2017年7月 8日 (土)

鯨の生息数が増えると寄生虫のアニサキスが増えるとか

 魚の刺身を食べて食中毒になる原因にアニサキスがあるという。個人的な体験だが、生魚を調理していると、白いひも状の虫に出くわすことがあった。おそらく、それがアニサキスなのだろう。6日付けの日本経済新聞の「マーケット商品」のページに、アニサキスによる食中毒に対する不安から、鮮魚店がイワシ、カツオなどの刺身販売を中止したりし、築地市場などにおける卸値が顕著に下がったことが書かれていた。

 アニサキスは魚を刺身で食べると、人の胃壁や腸壁に入り、食中毒を起こすことがある。
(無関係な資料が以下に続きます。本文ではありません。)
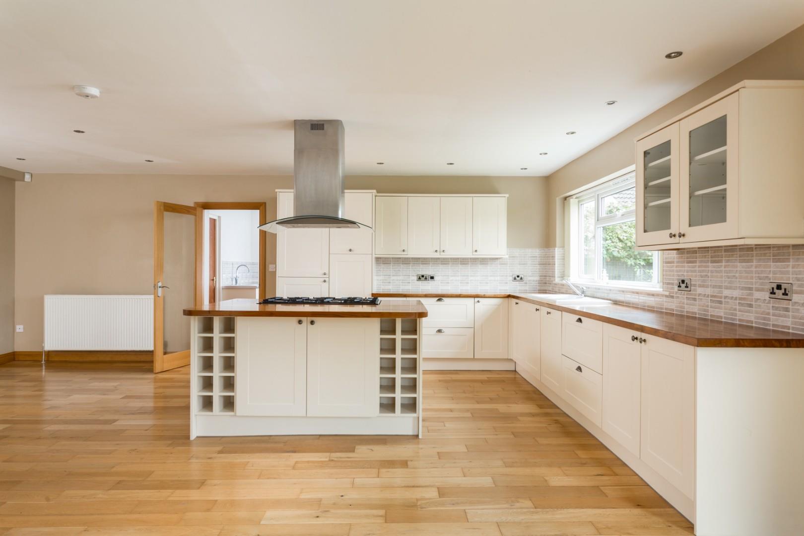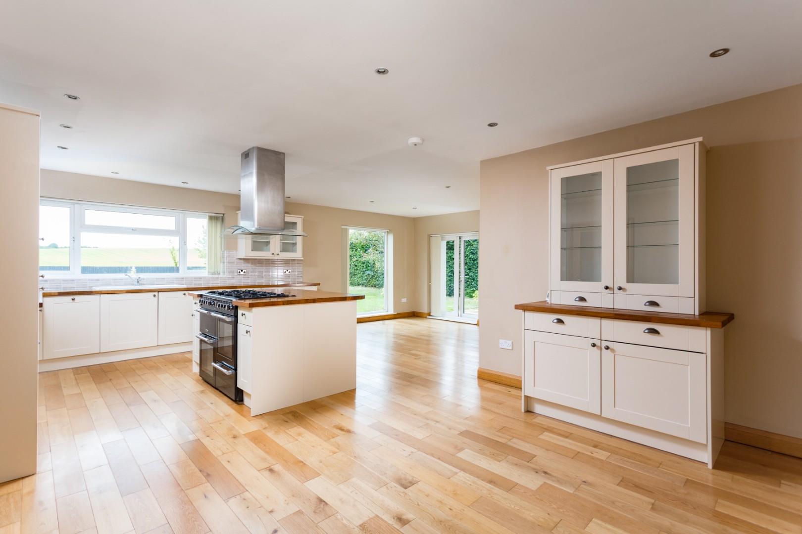 One of the outstanding features of the property is the substantial living kitchen which benefits from a combination of base, wall and full height storage units with timber preparation surfaces incorporating a 1 & 1/2 ceramic sink with drying area. There is also a feature breakfast island again with timber preparation surfaces which offers additional storage space. The room has ample space for a dining table and the opportunity to create a more relaxed seating area. There are a number of integrated appliances, including a Leisure gas range cooker, fridge/freezer and dishwasher. The kitchen enjoys wonderful views out over the rear garden and has French doors leading out to it.

加熱や冷凍すれば死滅する。この生で食べたために食中毒になった被害者が近年、増えている背景には、鯨の増加があるという。

 即ち、アニサキスは鯨やイルカなど海産哺乳類の胃の中で成長し、産卵する。それが鯨などの糞と一緒に放出されると、オキアミを経由してアジ、イワシなどの魚が取り込む。そこで幼虫になる。かくして、鯨が増えると、アニサキスも増えるという説明だ。

 捕鯨をめぐっては、日本のような捕鯨国は国際的に孤立し、したがって、全世界における鯨の生息数は増え続けている。そうした捕鯨の制限がアニサキスの増加、そして生魚の食中毒増につながっているとは、自然の営みの不思議なことよ。

 今週の九州地方における、何日にもわたる猛烈な降雨と災害。その原因を突き詰めると、自然の営みの複雑・精妙さに突き当たるような気がするが、進行しつつある地球温暖化とも深く関わっているように思える。被災地の復旧や支援を急ぐとともに、自然災害をもたらす因果関係の科学的な究明も欠かせない。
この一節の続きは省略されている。